Hello, I wonder if anyone could kindly offer some advice to an engine newbie. My recently acquired 40HP 2 stroke 2 cylinder Mariner outboard (Yamaha) 40M 6E9 (year 1992) has not had much use for a while but starts easily, ticks over just about OK at idle, but stalls when I put it into forward at low speed in the water. However, if I can get it to full throttle, it runs fine at high revs, and planes the boat happily. But then at low speed it stalls again. Spark plugs are new, fuel is new. Someone has suggested a full carb strip down, but I wanted to eliminate any simpler causes first.
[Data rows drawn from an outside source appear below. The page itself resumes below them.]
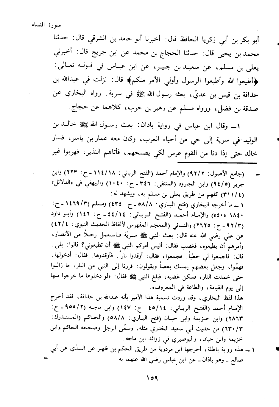 أَبُو بَكْرِ بْنُ أَبِي زَكَرِيَّا الْحَافِظُ قَالَ: أَخْبَرَنَا أَبُو حَامِدِ بْنُ الشَّرْقِيِّ قَالَ: حَدَّثَنَا مُحَمَّدُ بْنُ يَحْيَى قَالَ: حَدَّثَنَا الْحَجَّاجُ بْنُ مُحَمَّدٍ عَنِ ابْنِ جُرَيْجٍ قَالَ: أَخْبَرَنِي يَعْلَى بْنُ مُسْلِمٍ، عَنْ سَعِيدِ بْنِ جُبَيْرٍ، عَنِ ابْنِ عَبَّاسٍ فِي قَوْلِهِ تَعَالَى: {أَطِيعُوا اللَّهَ وَأَطِيعُوا الرَّسُولَ وَأُولِي الْأَمْرِ مِنْكُمْ} قَالَ: نَزَلَتْ فِي عَبْدِ اللَّهِ بْنِ حُذَافَةَ بْنِ قَيْسِ بْنِ عَدِيٍّ، بَعَثَهُ رَسُولُ اللَّهِ - صَلَّى اللهُ عَلَيْهِ وَسَلَّمَ - فِي سَرِيَّةٍ. رَوَاهُ الْبُخَارِيُّ عَنْ صدقة بن فضل، وَرَوَاهُ مُسْلِمٌ عَنْ زُهَيْرِ بْنِ حَرْبٍ، كِلَاهُمَا عَنْ حَجَّاجٍ.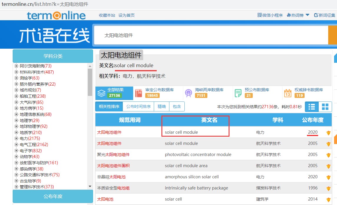 不知道各位有沒(méi)有遇見(jiàn)過(guò)這樣的煩惱,對(duì)于專(zhuān)業(yè)領(lǐng)域的某些名稱(chēng)不太了解,也不敢確定它在國(guó)際上的命名到底是什么,那么小編再推薦一款術(shù)語(yǔ)查詢(xún)工具:
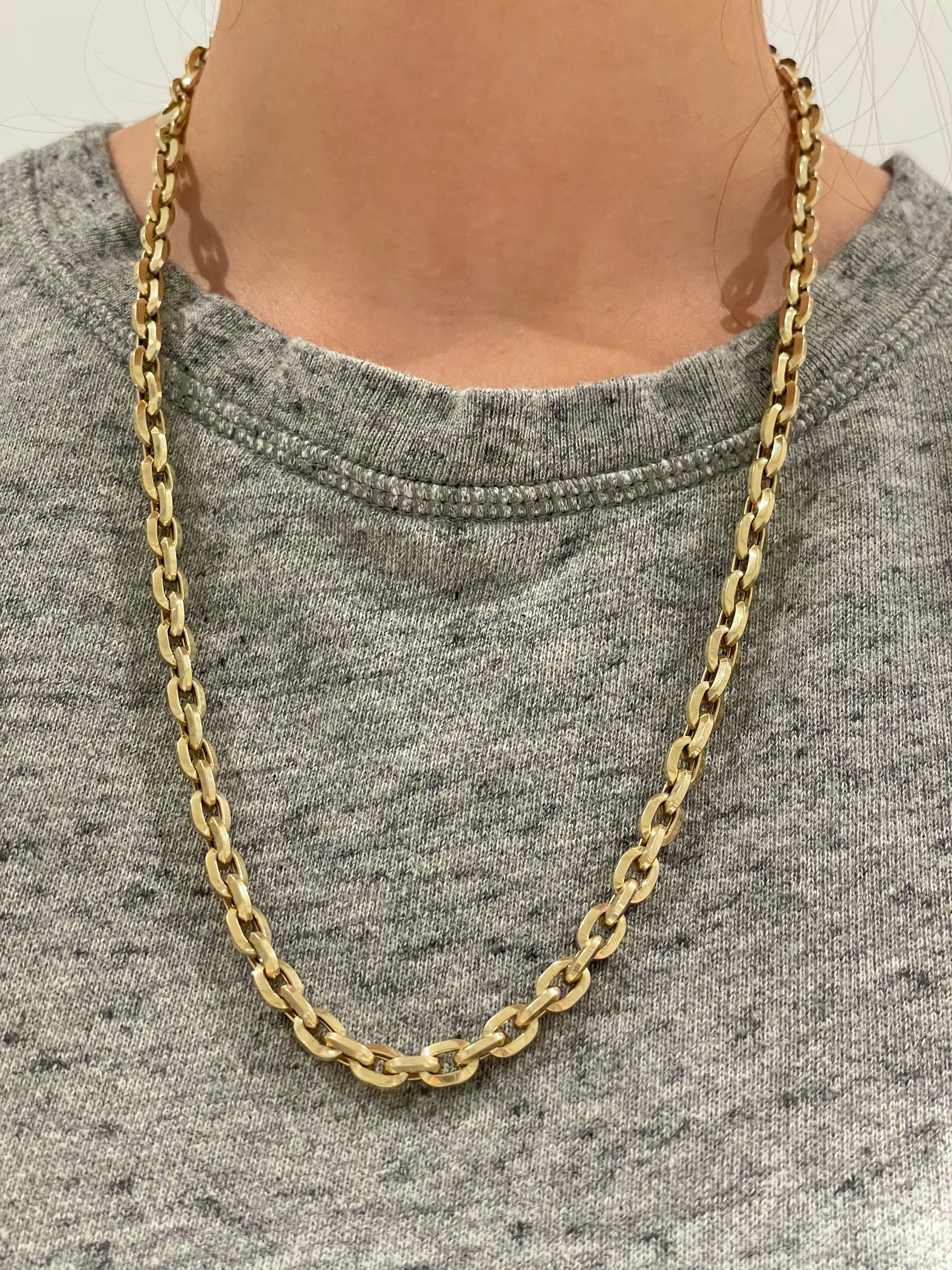 A bold and substantial 14K yellow gold biker link chain link necklace with semi-solid links. Great stacked or worn alone!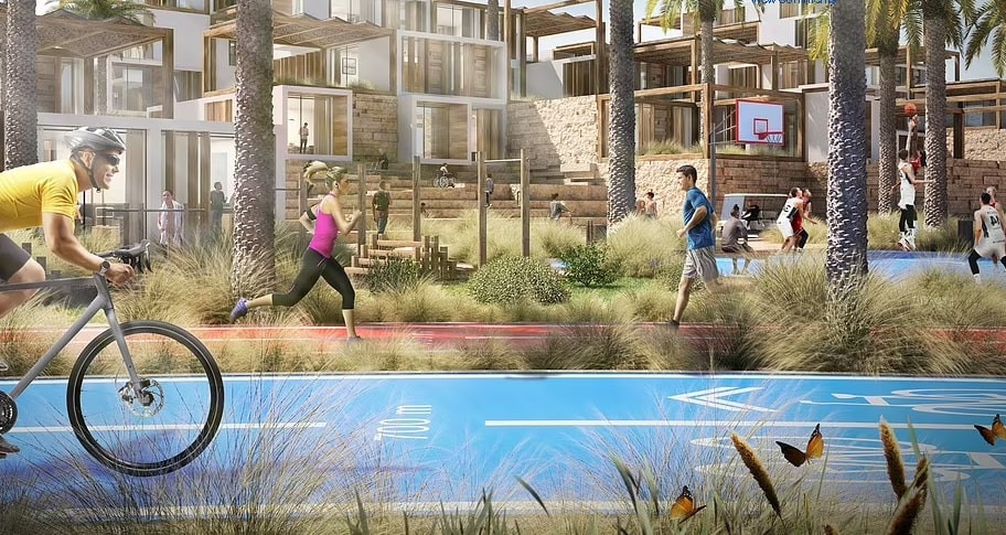 Bên trong thành phố cung cấp 35 km đường chạy bộ và đạp xe chuyên dụng, 9 km đường đua ngựa nối với trung tâm cưỡi ngựa.

Any recommended videos / resources for a carb strip down of a similar type of engine?

Thanks so much!

Daniel in Bristol England


----------



## Milton Fox Racing (May 27, 2014)

Instead of a rebuild you could just replace it. :cheers2:


----------



## Hobby Dude (Aug 7, 2019)

2-stroke, I have a couple of 2 stroke bikes in my garage, and boy let me tell you, if you aren't running super unleaded gas, and using a good two stroke oil, they will run like crap with this crappy ethynol gas they push on us consumers. Find, if you can some non-ethynol fuel and try it. I know back in the 80's all machines ran great before they put that crap in our fuel purchased by our hard earned money. Now its hard to find normal gas. Sometimes you can buy fuel stabilizers and ethynol remover fluids to add to your fuel, and they work. Go to a auto parts shop and get some Stabil fuel fixer or what ever the heck they sell over there, follow the directions and add it to your fresh fuel. You could check for water in your fuel tank, or find a clear fuel filter to check if crap is getting to your carbs. Good look, good sailing! Hobby Dude!


----------



## geogrubb (Jul 28, 2006)

While the engine is running spray/dribble brake parts cleaner behind the carb and along the intake and any mating surfaces if the engine changes tempo you have an air leak and can take the appropriate action. Have a good one. Geo


----------



## crazy mike (Aug 26, 1999)

Gas with ethanol in it makes an engine run leaner. I have an older carburated Buell that needs to be rejetted twice a year as the ethanol mix moves from the danged summer to winter blends. If it's an older engine the fuel lines will swell and disintergrate on the inside causing all sorts of chaos.


----------